State to retry man for murder

Associated Press The Spokesman-Review

IDAHO FALLS – The state attorney general’s office says a man convicted in the 1983 slaying of a 15-year-old girl, but set free on bond after a judge found problems with the original prosecution, should be retried.

Rauland J. Grube was convicted of first-degree murder in 7th District Court and sentenced to life in prison in 1991 in the slaying of Amy Hossner.

In June 1983, the girl was found dead in her bed from a shotgun blast fired through the window of her basement bedroom in Ashton in eastern Idaho.

In 2006, U.S. District Judge B. Lynn Winmill ordered that Grube be released or get a new trial after Winmill determined investigators had withheld a key witness at trial and that police logs had been tampered with.
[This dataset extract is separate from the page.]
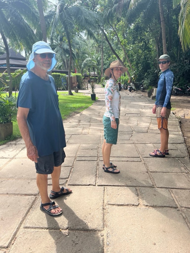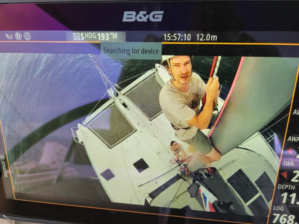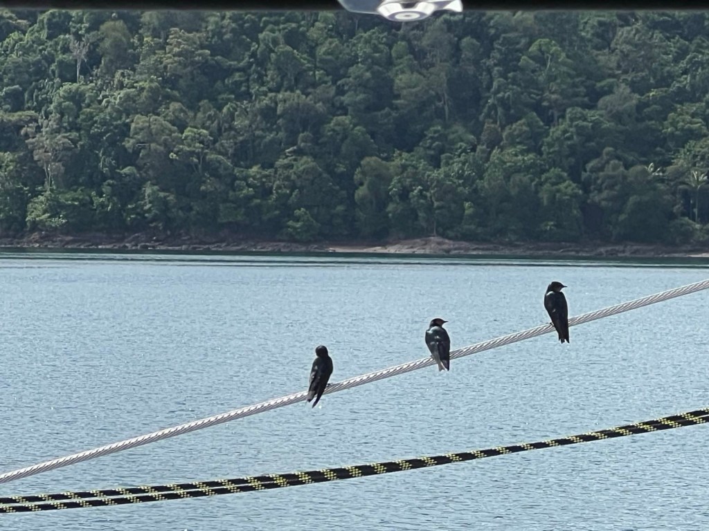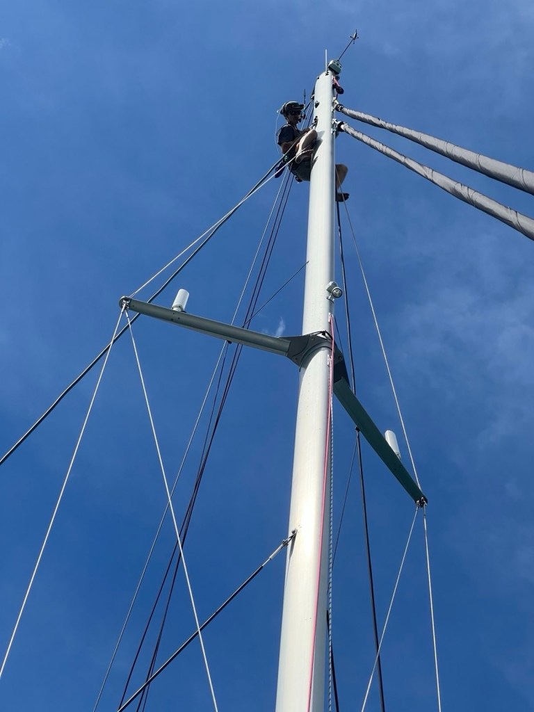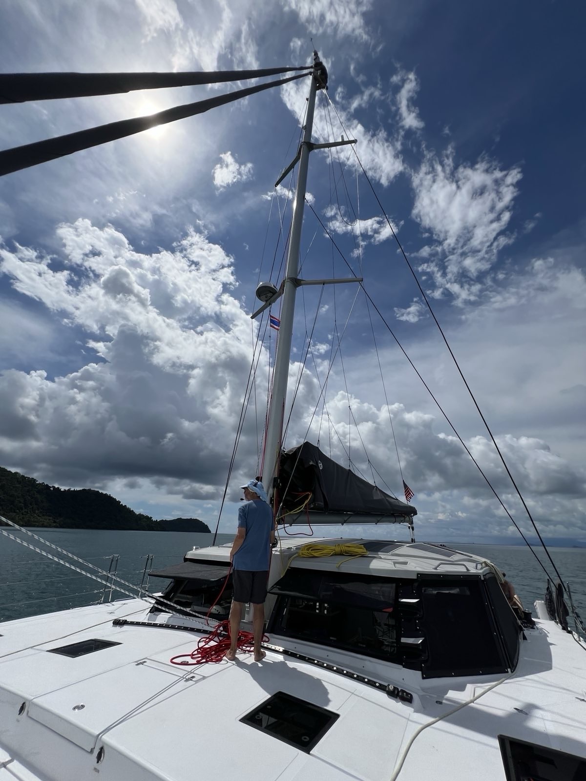 We swam off the boat every morning, and even found a couple fish hiding under the hulls. Si and I picked new fins in Pattaya before we left and they make such difference if there is current pushing you around.  We also did some boat chores, Simon went up the mast to align the spreader camera.

The attorney general’s office appealed the order for a new trial, but was rebuked earlier this week by another federal judge.

Alex Kozinsky, who serves on a three-judge panel of the 9th U.S. Circuit Court of Appeals in Seattle, said Grube would likely be acquitted if he were tried again.

Kozinsky also said that Idaho Attorney General Lawrence Wasden might instead consider prosecuting the people who handed in tainted evidence.

Wasden’s office disagreed.

“We have carefully reviewed the entire case and determined the proper course of action is to retry Rauland Grube,” Bob Cooper, Wasden’s spokesman, told the Post Register on Thursday.

Grube has been free on $250,000 bond and has lived in eastern Idaho since spring 2006.

“Now that the case has been remanded back, my client is entitled to the presumption of innocence that every citizen enjoys,” said Grube’s attorney, Greg Moeller of Rexburg.

In 1991, prosecutors focused on forensic analysis of lead shotgun pellets in Hossner’s body that were compared with pellets in shells found in Grube’s garage.

Prosecutors also said a mark on a shotgun barrel was made when it hit the window frame of Hossner’s bedroom after being fired. Winmill said the ballistic evidence has since been disavowed by the FBI.

Grube’s appeal focused in part on evidence that a key witness had not been disclosed to defense lawyers. In 1994, Lynn Gifford approached defense lawyers and told them he had informed investigators in 1991 that he had reported seeing a local police officer – an early suspect in the crime – driving a patrol car within a few blocks of the Hossner home about 2:30 a.m. on the night of the slaying.

None of what Gifford told defense lawyers had been disclosed by prosecutors, so Grube filed a request for a new trial because of that alleged denial of due process and because Gifford’s information led to the discovery that Ashton police logs for the night of the slaying appeared to have been altered.

According to Winmill’s 2006 ruling concerning the police logs, “police officers actually manufactured false evidence and submitted it to Grube’s attorneys as true evidence.”